Я завтракаю сэндвичами из холодильника, пью крепкий чай и выметаюсь из коттеджа. Для меня этот коттедж все равно остается «домом Багра», мне неуютно, хотя здесь тепло, красиво и создается ощущение нормальной жизни. Но лишь ощущение. То бишь — иллюзия.
Я спускаюсь на лифте, затем иду к захламленной лестнице, по которой вела меня прежде Кой. Все тот же аккуратный икеевский стол, вся та же старушка-божий одуванчик ждет, сложив сухие руки на столе и поглядывая в маленький телевизор. Кой не видать.
— Варвара Карелина? — Валентина Ивановна сверяется с каким-то списком на листе бумаги, — ой, а Любу я уже отправила, она сказала, что ей надо что-то прикупить. Передала, чтобы ты на месте ее поймала.
— Ну ладно, — мямлю я, сумка неприятно оттягивает мне плечо, и наклоняюсь. Старушка не глядя дает «пять» моему лбу, и я проваливаюсь в черноту.
В этот раз я не падаю.
Я стою, уперевшись спиной в кирпичную стену: сбоку от меня полустертое граффити, под ногами талый снег, над покатыми крышами медленно ползут низкие облака. Обычный дворик. Скорее всего, где-то в центре.
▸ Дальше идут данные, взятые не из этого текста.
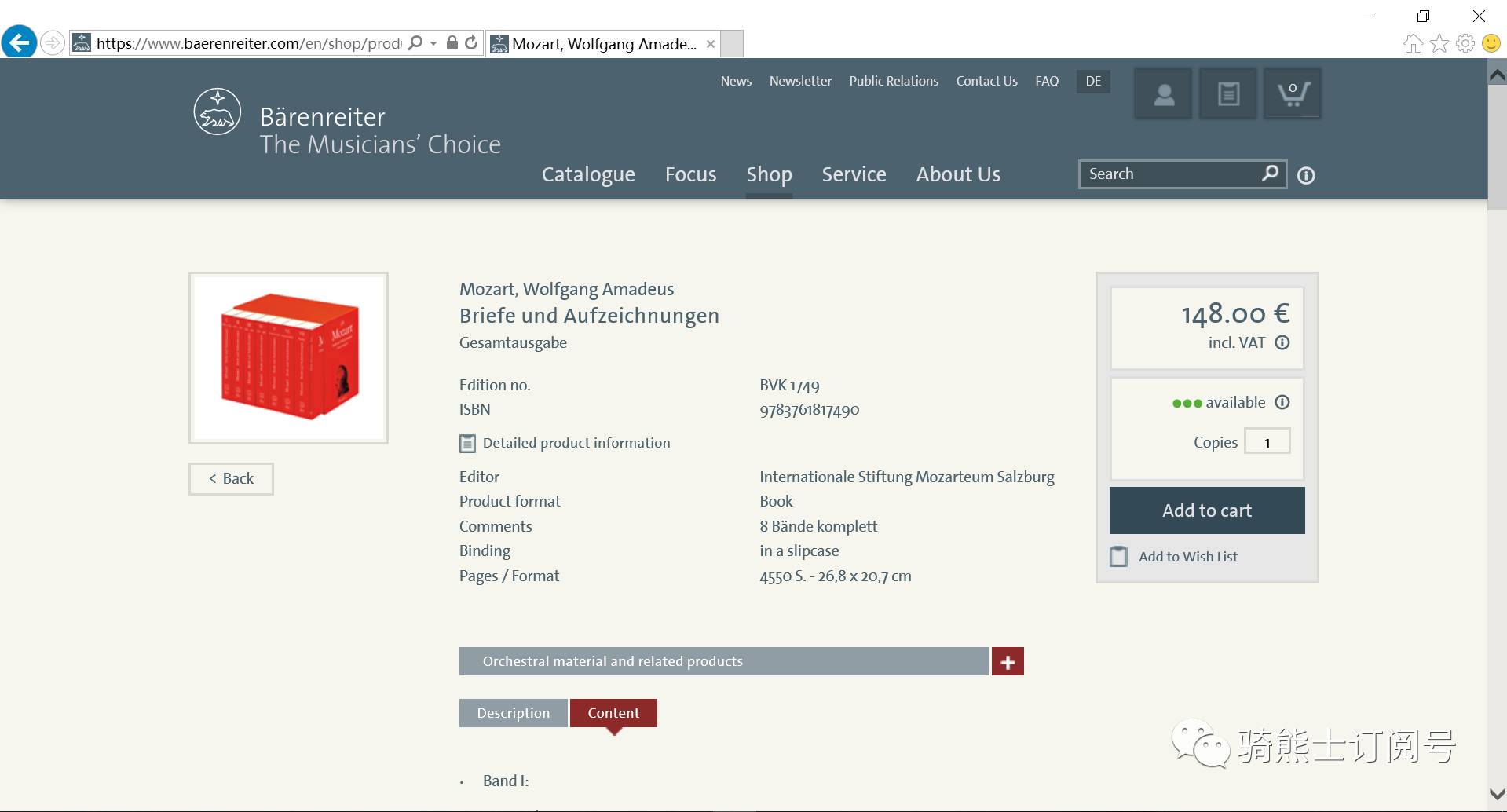 【德国骑熊士原版书籍 莫扎特书信全集 德文 BVK1749】,点击链接再选择浏览器打开http://c.b0yp.com/h.6lXNa8?cv=ZaXBZu7wC4K&sm=0637cd,或复制这条信息¥ZaXBZu7wC4K¥后打开手机淘宝

Пахнет сотней ароматов, от которых я уже отвыкла: бензин, чьи-то духи, масло — рядом кухня ресторана, а еще табачный дым. Я просто дышу, а не чую, не читаю, это так приятно.
Внезапно из-за припаркованной машины выныривает Кой: на ней зеленое шерстяное пальто, шарф в полосочку, сумка с какими-то разноцветными оборочками, розовые волосы заплетены в несколько кос. От внезапного всплеска цвета в этой монохромной подворотне мои глаза почти режет.
— Варвара, прости, — подбегая ко мне, говорит она, — я совсем завозилась и не успела купить подарок для Ораша Эшоновича.
— А зачем? У него день рождения, что ли?
— Его выставка — праздничное мероприятие. Для таких ситуаций подарок необходим, — Кой смотрит на меня с осуждением. Ну, я никогда и не считала себя образцом хороших манер, — вот. Подарим от нас обеих.
Она демонстрирует мне картонный пакет с напечатанным золотом логотипом. Внутри — вытянутая деревянная коробка: я понимаю, что это какой-то невероятно дорогой алкоголь.
— Я вряд ли смогу на такое скинуться.
— Не беспокойся, — Кой чуть недоуменно поднимает брови, и я понимаю, что для нее такая покупка — просто небольшой сувенир, и я будто бы сожалею о том, что не могу скинуться на шоколадку.
Кой ведет меня к двери в подъезд, набирает код, впускает меня внутрь. Темно, широкая лестница ведет наверх, мимо овального мутного окошка.
— Так ты уже была здесь? — спрашиваю я, поднимаясь по лестнице следом за Кой.
— Ораш несколько раз проводил тут, так скажем, альтернативные корпоративы. Он любит присматривать за талантливой молодежью в Центре.
— Я не знала, что он художник.
— Он не афиширует это в Центре. Выставки он проводит в своей квартире, это особое пространство.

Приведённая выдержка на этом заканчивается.